Sayısız rekoru bulunan milli atletimiz Şevval Ayaz, Diyagonal Dergi’den Sergen Küçük’ün sorularını yanıtladı.
Sergen Küçük: Atletizme başlayışın nasıl oldu, seni kim, nerede bu işe yönlendirdi. Bize biraz kendinden ve atletizm hikayenden bahseder misin?
Şevval Ayaz: Beşinci sınıfta beden eğitimi öğretmenim, okulda sınıflar arası koşu yarışması düzenledi ben birinci oldum ve bende bir ışık olduğunu, bunu daha profesyonel yapmamı söyledi, ailemle görüştü, beni kendini eğiten hocasına yönlendirdi.1 Nisan 2012 günü Nevin Yanıt Atletizm pistine gittim ve şu an ki antrenörüm Fahri Özen’le tanıştım o günden bugüne kadar birçok başarıya imza attım.
Sergen Küçük: Bir gününün nasıl geçtiğinden bahsetsen neler söylersin?
Şevval Ayaz: Sabah 07:30’da kahvaltı yapıyorum.

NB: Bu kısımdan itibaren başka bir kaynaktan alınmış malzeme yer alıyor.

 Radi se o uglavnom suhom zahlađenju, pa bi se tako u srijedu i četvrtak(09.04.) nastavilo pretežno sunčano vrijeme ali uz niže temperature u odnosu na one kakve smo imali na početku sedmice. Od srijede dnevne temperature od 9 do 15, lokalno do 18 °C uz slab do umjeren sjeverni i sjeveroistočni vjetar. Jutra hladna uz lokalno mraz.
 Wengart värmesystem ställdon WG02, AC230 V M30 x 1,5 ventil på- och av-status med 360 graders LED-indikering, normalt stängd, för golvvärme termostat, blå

En az 2 saat sonra antrenmana başlıyorum. Antrenman biter bitmez öğlen yemeğini yiyorum. Yemekten sonra en az 2 saat dinleniyorum, geriye kalan zamanda da ders çalışıyorum, kitap okuyorum, resim, origami, puzzle gibi aktivitelerle günümü değerlendiriyorum. Sonra akşam yemeği yiyorum. Yemekten sonra kaslarımın onarımı ve yenilenmesi için tedavi ya da masaj oluyorum, sonrasında da uyuyorum.

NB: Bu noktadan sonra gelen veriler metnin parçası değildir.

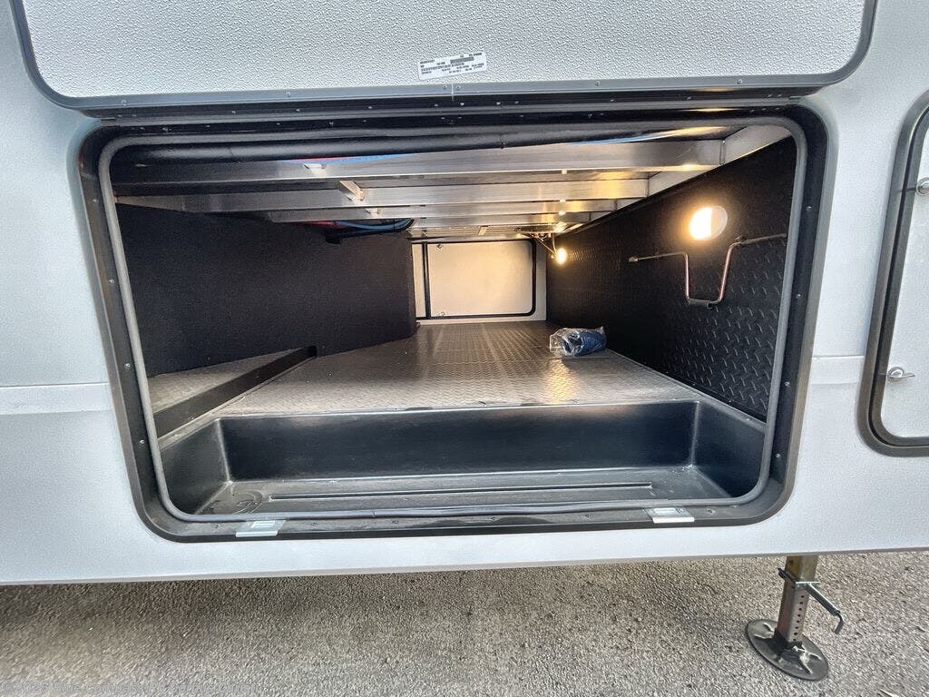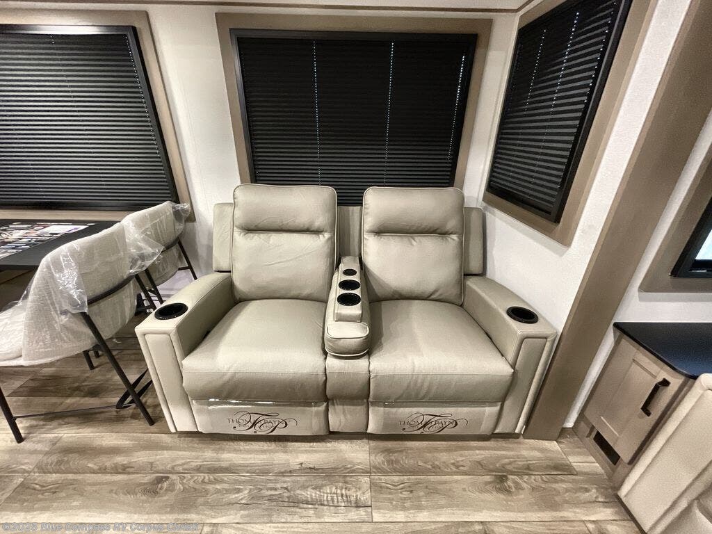 You can enjoy a spacious rear living area in this RV with dual opposing slides offering you entertainment, kitchen amenities, seating and windows for great views! The rear tri-fold sofa also converts into extra sleeping space for an extra guest or two, just like the booth dinette does. Yet you might like to add the swivel dinette option. There are theater seats to enjoy while you place your drinks in the cupholders and watch the entertainment center with a 40" LED HDTV and fireplace. The pantry is big enough to store your favorite snacks, and the kitchen island will make meal prepping easier, plus there is a 16 cu. ft. refrigerator to store any leftovers. The full bathroom has a 30" x 48" fiberglass shower and a linen closet to store your towels. The front private bedroom has a comfortable queen bed slide that can be switched out for the optional king bed, a dresser with overhead cabinets, and a full wall wardrobe that is prepped to add the optional washer and dryer so that you can extend your camping trip with clean clothes!

Sergen Küçük: Daha önce, ilk zamanlarında annenin senin peşinden çok koşturduğunu ve sana çok destek olduğunu belirtmişsin. Ailenden destek aldığın aşikar, bize o zamanlarından biraz bahseder misin, yakın çevren bu konuda seni yeterince destekledi mi?

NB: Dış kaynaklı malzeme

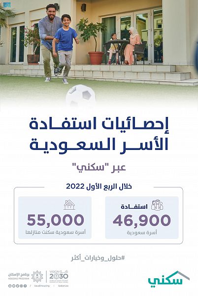 يُذكر أن برنامج “سكني” أعلن عن استفادة أكثر من 225 ألف أسرة سعودية خلال العام الماضي 2021، منها ما يزيد عن 186 ألف أسرة سكنت منازلها، ويستهدف “سكني” خلال العام 2022 استفادة 180 ألف أسرة من الخيارات والحلول التمويلية والسكنية المتنوعة، منها 130 ألف أسرة تسكن منازلها، وتقديم 100 ألف قرض مدعوم.

İKİ GÜN SONRA PES EDERSİN, YAPAMAZSIN DEDİLER
Şevval Ayaz: Çevremdekiler, bu ne ki bayan yapar mı böyle şeyler, sen yapamazsın, iki gün sonra pes eder bırakırsın dediler ama ailem beni, her zaman destekledi. Arkamda durdular. Evimiz çok uzaktı, antrenman sahasına her gün annemle birlikte iki dolmuş değiştirerek gidiyorduk. Çıkışlarda da babam almaya geliyordu. Yağmur, çamur, sıcak, soğuk demeden antrenman yapıyordum. Bugünlere gelene kadar çok zorluk yaşadım ama annem ve babam hep beni desteklediler. En iyi ve en güzel anılarımda hep yanımda oldular, ilk rekorumda ailem tribündeydi, benim sevincimi ve çığlıklarımı duydular. Hepimiz için unutulmaz bir an yaşadık.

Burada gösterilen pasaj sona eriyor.